1.download evaclip weight:
wget -P pretrained_weights/clip/ https://huggingface.co/QuanSun/EVA-CLIP/resolve/main/EVA01_CLIP_g_14_psz14_s11B.pt
2.download beats weight from https://github.com/microsoft/unilm/tree/master/beats
3.download bert weight:
from transformers import BertModel, BertTokenizer
bert = BertModel.from_pretrained('bert-base-uncased')
bert_tokenizer = BertTokenizer.from_pretrained('bert-base-uncased')
bert.save_pretrained('pretrained_weights/bert/bert-base-uncased')
bert_tokenizer.save_pretrained('pretrained_weights/bert/bert-base-uncased')

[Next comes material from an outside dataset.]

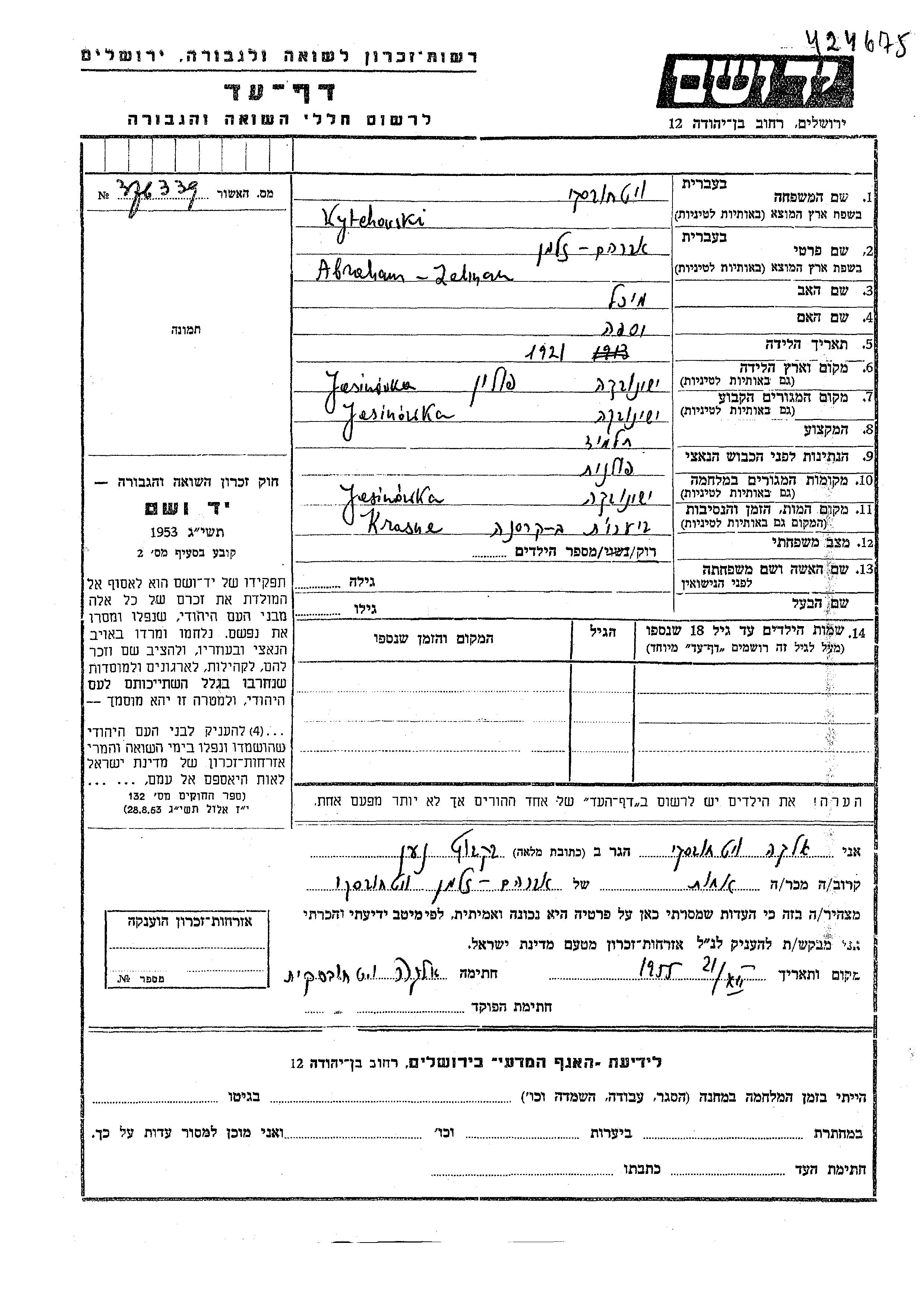 Абраам Зельман Вытховски, место рождения: Ясёнувка, Польша. Отец: Михель, mать:Йоспе. Ученик / ученица. Холост / не замужем. Место жительства до войны: Ясёнувка, Польша. Место во время войны: Ясёнувка, Польша.

The processed pretrained_weights path should be as follows:
├── pretrained_weights
│ ├── beats
│ │ └── BEATs_iter3_plus_AS2M.pt
│ ├── bert
│ │ └── bert-base-uncased
│ ├── clip
│ │ └── EVA01_CLIP_g_14_psz14_s11B.pt
Download VAST models and captioners (for labeling your own data)
make a dir named output under the main work dir.
1.download vast model (optional, for finetuning)
[Google Drive Link] [Baidu Cloud Link]
2.vision captioner (optional, for labeling images/videos)
[Google Drive Link] [Baidu Cloud Link]
3.audio captioner (optional, for labeling audios)
[Google Drive Link] [Baidu Cloud Link]
The processed output path should be as follows:
├── output
│ ├── vast
│ │ ├── pretrain_vast
│ │ ├── vision_captioner
│ │ └── audio_captioner
Download VAST-27M annotations for pretraining
[Google Drive Link] [Baidu Cloud Link]
Raw videos could be downloaded from YouTube.
Download downstream datasets annotations for finetuning
make a dir named datasets under the main work dir.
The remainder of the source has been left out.